Five things we learned from GVC’s full-year results
Kenny Alexander was in jubilant mood on Tuesday as GVC published the details of a strong 2018 performance, but can the operator repeat the feat in 2019?


GVC announced 9% revenue growth to £3.6bn for 2018 and reported a strong start to 2019 trading when the operator unveiled its full-year financial results on Tuesday.
CEO Kenny Alexander said 2018 performance confirmed the London-listed company as the “largest online-led sports-betting and gaming operator in the world”, but with great power comes great responsibility.
Here are five things we learned from the full-year figures, Alexander’s exclusive chat with EGR Intel and his Q&A session with financial analysts.
- The US might take a while
“Long term, anything less than being the market leader in the US is unacceptable,” Alexander told City analysts at the full-year conference call, piling the pressure slightly on newly-appointed US joint-venture (JV) CEO Adam Greenblatt who was sat in the front row. Alexander did however reiterate that GVC’s biggest obstacle – which was finding an influential partner with a well-established brand in the US market – had already been overcome with the MGM deal. GVC also owns its own technology which it would argue gives it a clear advantage over would-be competitors in the market.

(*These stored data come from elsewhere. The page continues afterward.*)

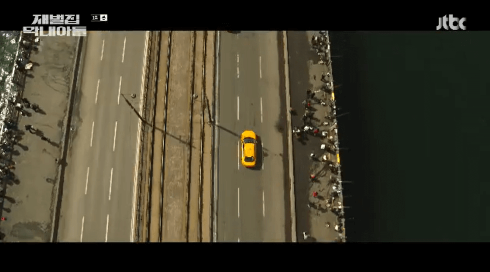잠시 후 누군가가 택시를 막아섭니다. 그리고 송중기는 이내 쫓기게 됩니다. 그리고 그들은 간신히 탈출한다.
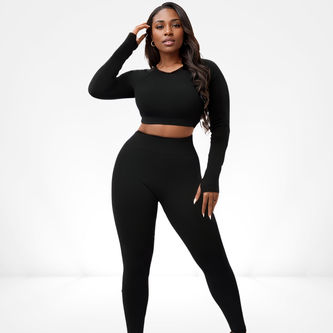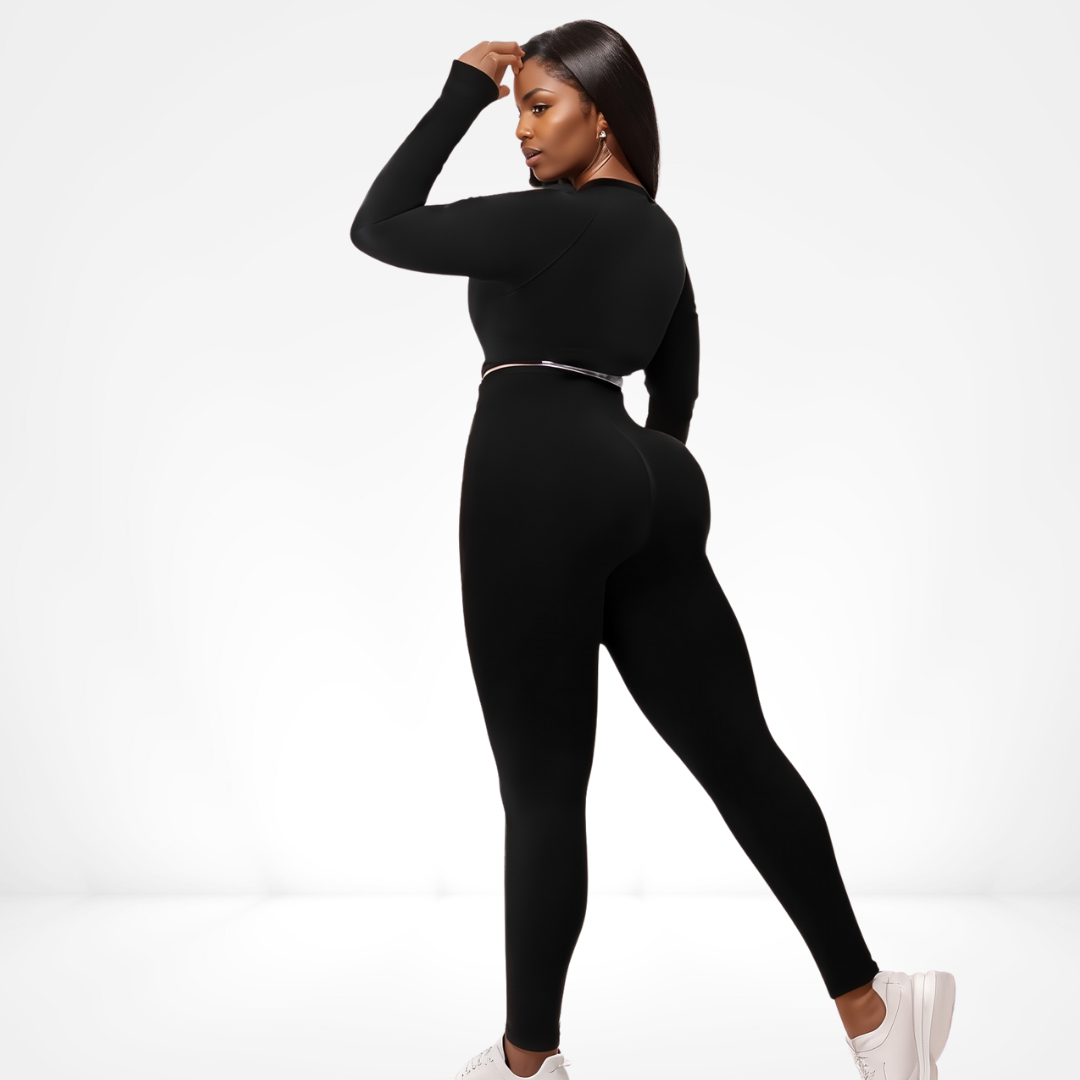 Crafted from a whisper-soft, four-way stretch fabric, the long-sleeve crop top and high-waisted leggings work in harmony to sculpt and support. The smooth, seamless construction glides over curves without distraction, while moisture-wicking technology keeps you cool under pressure. Style with metallic hoop earrings and sleek slip-on trainers for a minimalist statement, or layer under an oversized blazer for a bold street-ready twist.
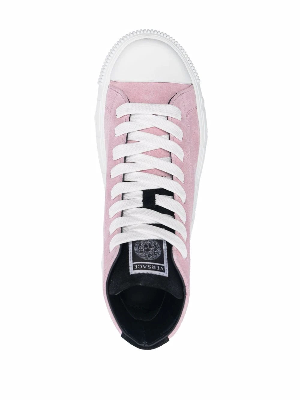 Bout rond, fermeture à lacer sur le devant, patch logo sur le côté, languette à patch logo, détail Greca embossé signature, semelle plate.
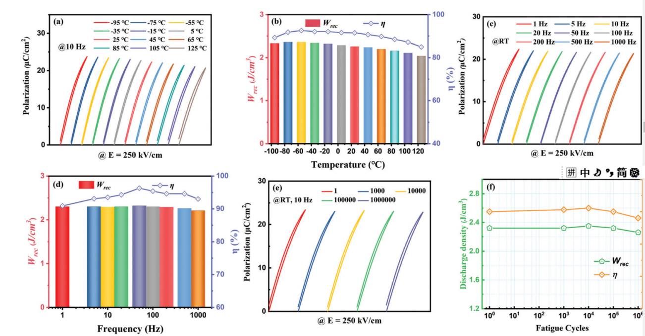 BSBNTH陶瓷不同温度(3a,3b)、不同频率(3c,3d)、不同外场循环次数(3e,3f)下P-E曲线、储能密度和储能效率。
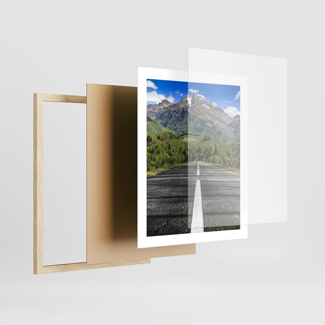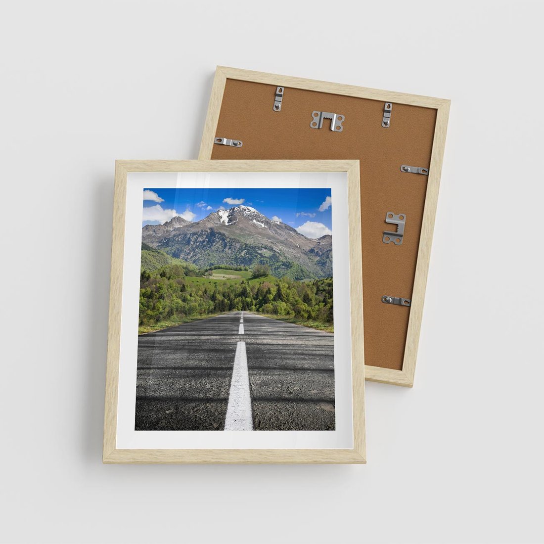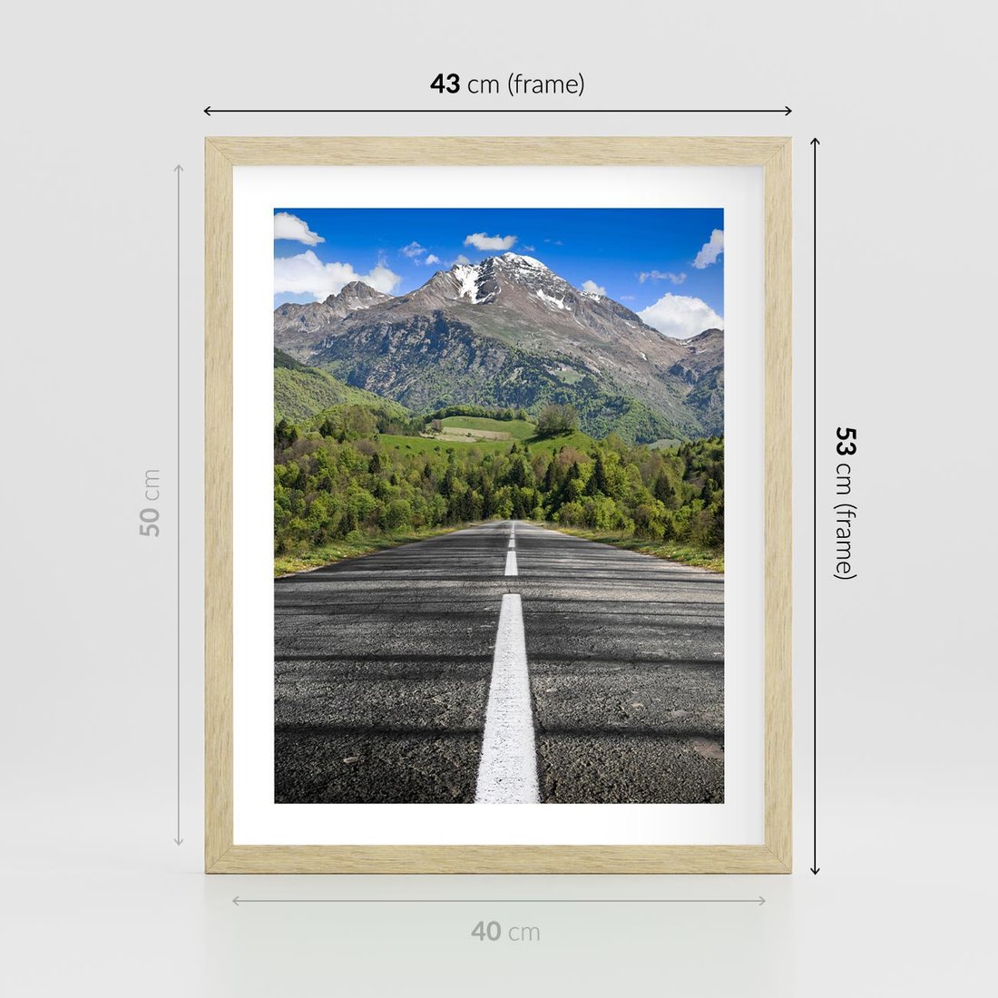 Plakat w ramie 40x50 - Droga przez góry: podróż do przygody - droga, góry - rama drewno

“We own all of our tech so our set-up costs are going to be far less than those who still need to find suppliers,” said Alexander. GVC has 25 people on the ground in the States now and will look to confirm all senior appointments by Q2 2019. “We haven’t fired a single bullet in terms of marketing in the US and New Jersey,” he added. “People need to be patient and realistic – New Jersey is just 3% of the US population. The US is important for us but it is not the be-all and end-all. We have many different opportunities and the US is just one.”
While Alexander refuted suggestions that US growth was on the backburner for now in favour of other markets, he did insist that it could be between three and five years before the operator makes a significant impact stateside. Alexander also told analysts to err on the side of caution in the wake of predictions that the US – outside of New Jersey at least – would only adopt sports betting in a retail capacity due to regulatory headaches and a lack of clarity surrounding online gambling framework in different states. “New York is going to lead through retail which is not a problem as MGM has acquired a few casinos,” said Alexander. “If it does go down the retail route, we are confident MGM will always have that access. We are well-placed on the technology side and I am not concerned of being shut out of any markets in the US. Don’t believe everything William Hill say on the US,” he joked. “In fact, don’t believe anything.”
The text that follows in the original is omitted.